In-Person seminars will have no zoom option.

Fall 2025 Schedule

Thursday, September 4th, Zoom, 11:45am
Levin Lecture 

James Zou, PhD
Associate Professor of Biomedical Data Science and, by courtesy, of Computer Science and of Electrical Engineering
Stanford University

Computational Biology in the Age of AI Agents

Abstract: 

AI agents—large language models equipped with tools and reasoning capabilities—are emerging as powerful research enablers. This talk will explore how computational biology is particularly well-positioned to benefit from rapid advances in agentic AI. I’ll first introduce the Virtual Lab—a collaborative team of AI scientist agents conducting in silico research meetings to tackle open-ended research projects. As an example application, the Virtual Lab designed new nanobody binders to recent Covid variants that we experimentally validated. Then I will present CellVoyager, a data science agent that analyzes complex genomics data to derive new insights. I will conclude by discussing limits of agents and a roadmap for human researcher-AI collaboration.

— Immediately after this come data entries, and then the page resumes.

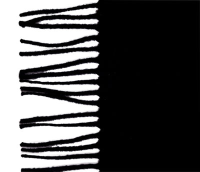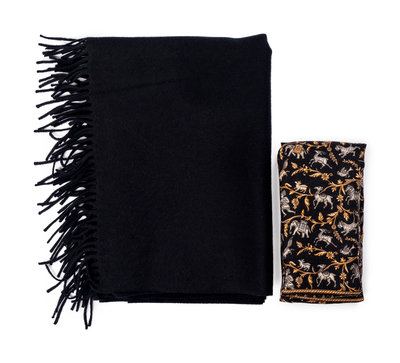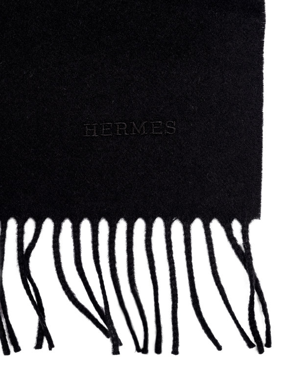 Black cashmere shawl scarf with fringe.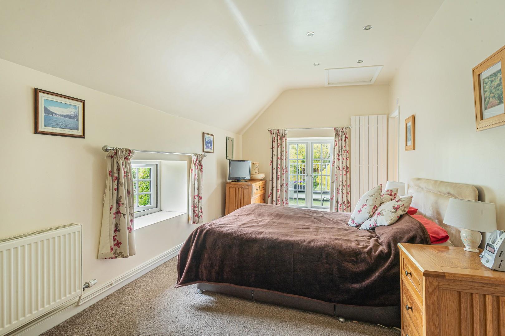 uPVC double glazed low level window to front aspect, Velux window to rear aspect enjoying views across the garden, exposed beams, inset spots, double radiator, storage cupboards, space for freestanding wardrobe, inset spots.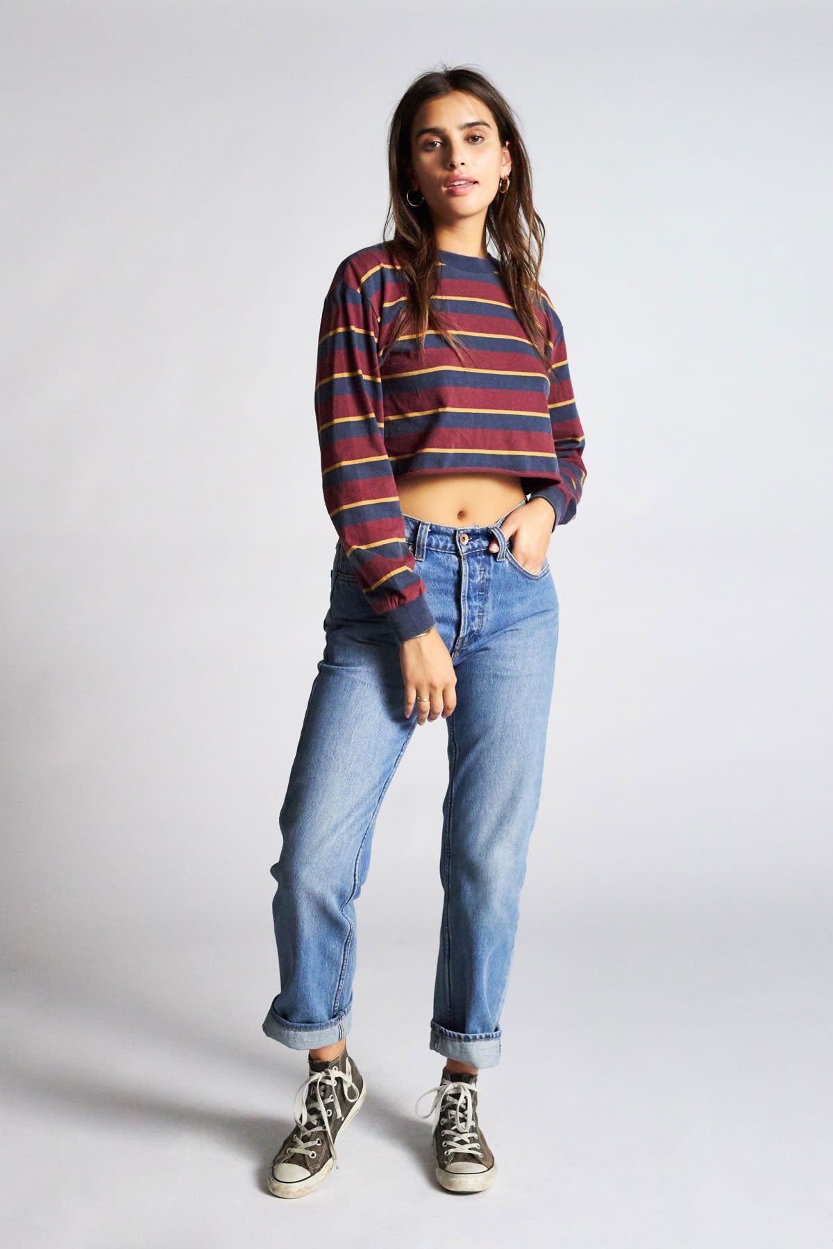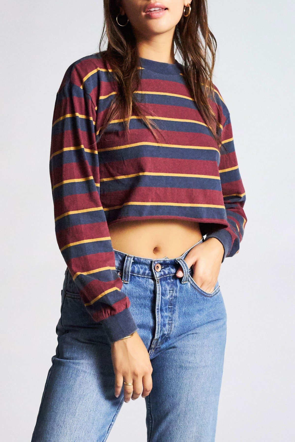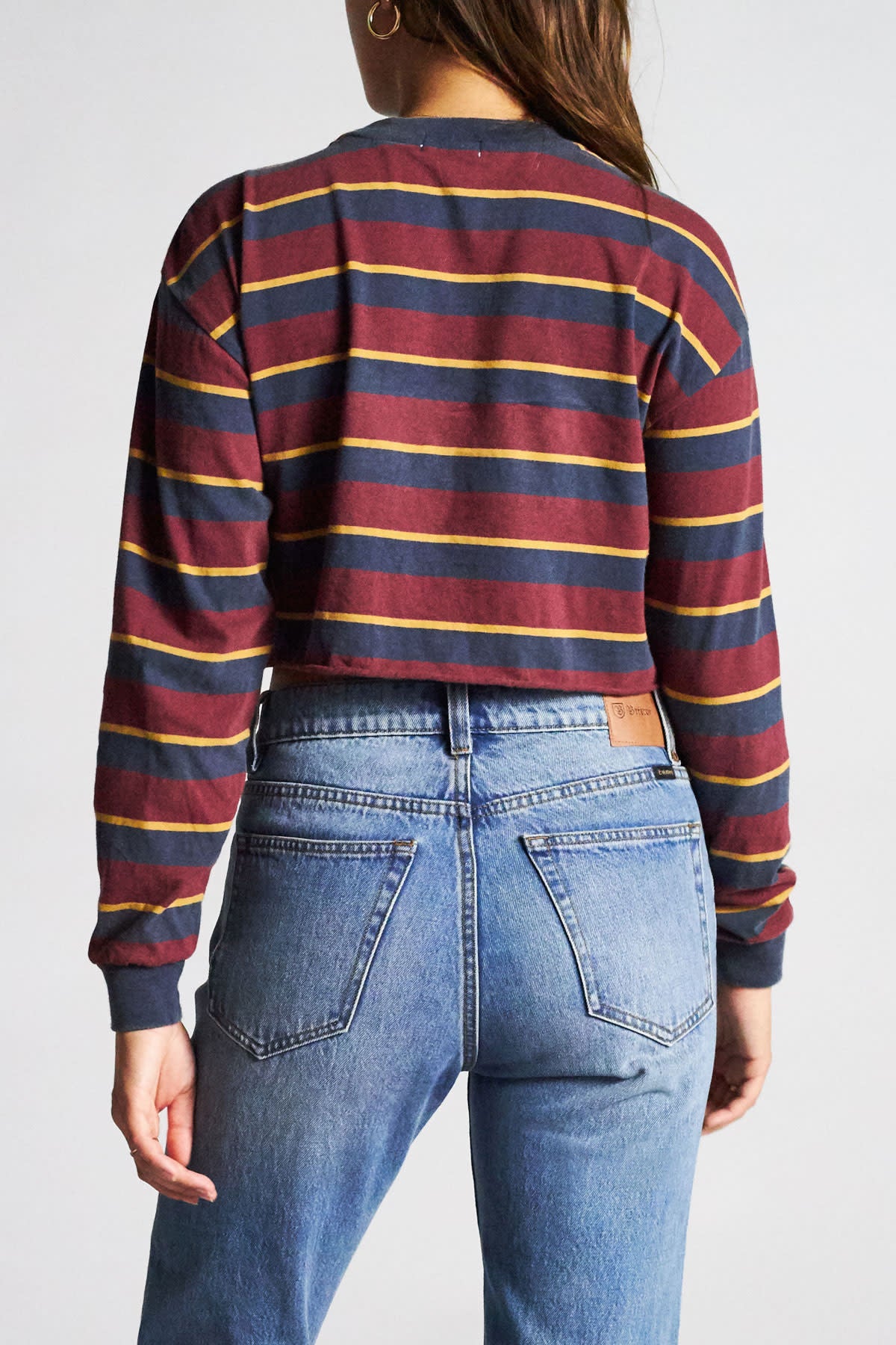 A boyfriend-fit, long-sleeve tee made in 150-gram yarn-dyed cotton jersey with 1x1 rib at neckline and sleeve cuffs. It features our custom Worn Wash, raw-cut hem crop fit, and woven Brixton labels.
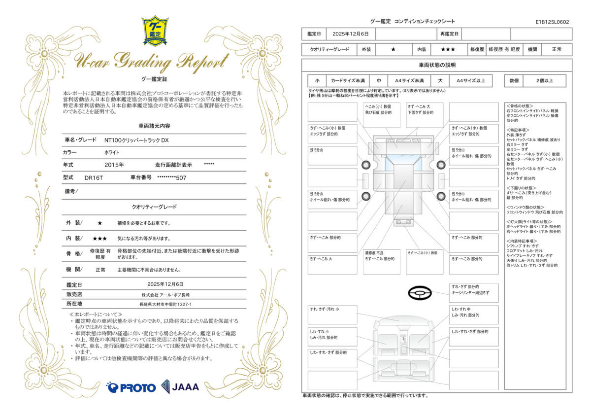 第三者機関の日本自動車鑑定協会(JAAA)の鑑定師が中古車を鑑定。プロが一台一台チェックします。外装・内装・機関・修復歴の4項目について鑑定を行っています。見た目からでは判断がつかない箇所も入念にチェックしています。安心してお車を購入して頂けるように取り組んでいます。

Thursday, September 11th, ARB 8th Floor Auditorium, 11:45am
Levin Lecture 

Bingxin Zhao, PhD
Assistant Professor of Statistics and Data Science
Assistant Professor of Medicine, Division of Translational Medicine and Human Research (secondary appointment)
University of Pennsylvania  

Resampling-based Pseudo-training in Genomic Predictions

Abstract: 
In this talk, I will present a resampling-based pseudo-training framework for genomic prediction that enables model development using only summary-level data. We show that generating pseudo-training and validation statistics from summary results achieves asymptotic equivalence to conventional training while avoiding the need for individual-level datasets. Simulations and real data applications suggest that pseudo-training performs comparably to standard approaches with large datasets and substantially better when tuning data are limited. We highlight two platforms built on this framework: PennPRS (https://pennprs.org/), a cloud-based computing infrastructure supporting large-scale, no-code polygenic risk score training with purely summary data resources, and GCB-Hub (https://www.gcbhub.org/), which applies pseudo-training to proteome-wide association studies for protein-disease mapping and drug discovery. Together, these advances demonstrate how resampling-based pseudo-training methods can broaden accessibility, scalability, and impact of genomic prediction across diverse biomedical research settings

Thursday, September 18th, Zoom, 11:45am
Levin Lecture 

Jingyi Jessica Li, PhD
Professor & Program Head, Biostatistics Program; Donald and Janet K. Guthrie Endowed Chair in Statistics, Public Health Sciences Division; Fred Hutch Cancer Center Affiliate Professor Biostatistics
University of Washington

Nullstrap: A Simple, High-Power, and Fast Framework for FDR Control in Variable Selection for Diverse High-Dimensional Models

Abstract:
Balancing false discovery rate (FDR) control with high statistical power is a central challenge in high-dimensional variable selection. Existing methods often degrade data through knockoffs or splitting, leading to power loss. We propose Nullstrap, a framework that con- trols FDR without altering the original data. Nullstrap generates synthetic null data by fitting a null model under the null hypothesis and applies the same estimation to both original and synthetic datasets. This parallel structure resembles the likelihood ratio test, serving as its numerical analog. A data-driven correction procedure adjusts null estimates, enabling variable selection with theoretical guarantees: asymptotic FDR control at any desired level and power converging to one. Nullstrap is fast, stable, and broadly applicable across linear, generalized linear, Cox, and graphical models. Simulations indicate that Nullstrap maintains robust FDR control and outperforms the knockoff filter and data splitting in power (0.95 vs. 0.50 and 0.70) and efficiency (≈ 30×). While all three methods are randomized, Nullstrap is more stable (Jaccard 0.98 vs. 0 and 0.42). In a triple-omics time-to-labor dataset, the knockoff filter and data splitting fail to identify variables in most of 70 runs with different random seeds, whereas Nullstrap consistently selects predictors, achieves > 90% predictive accuracy, and is three orders of magnitude faster.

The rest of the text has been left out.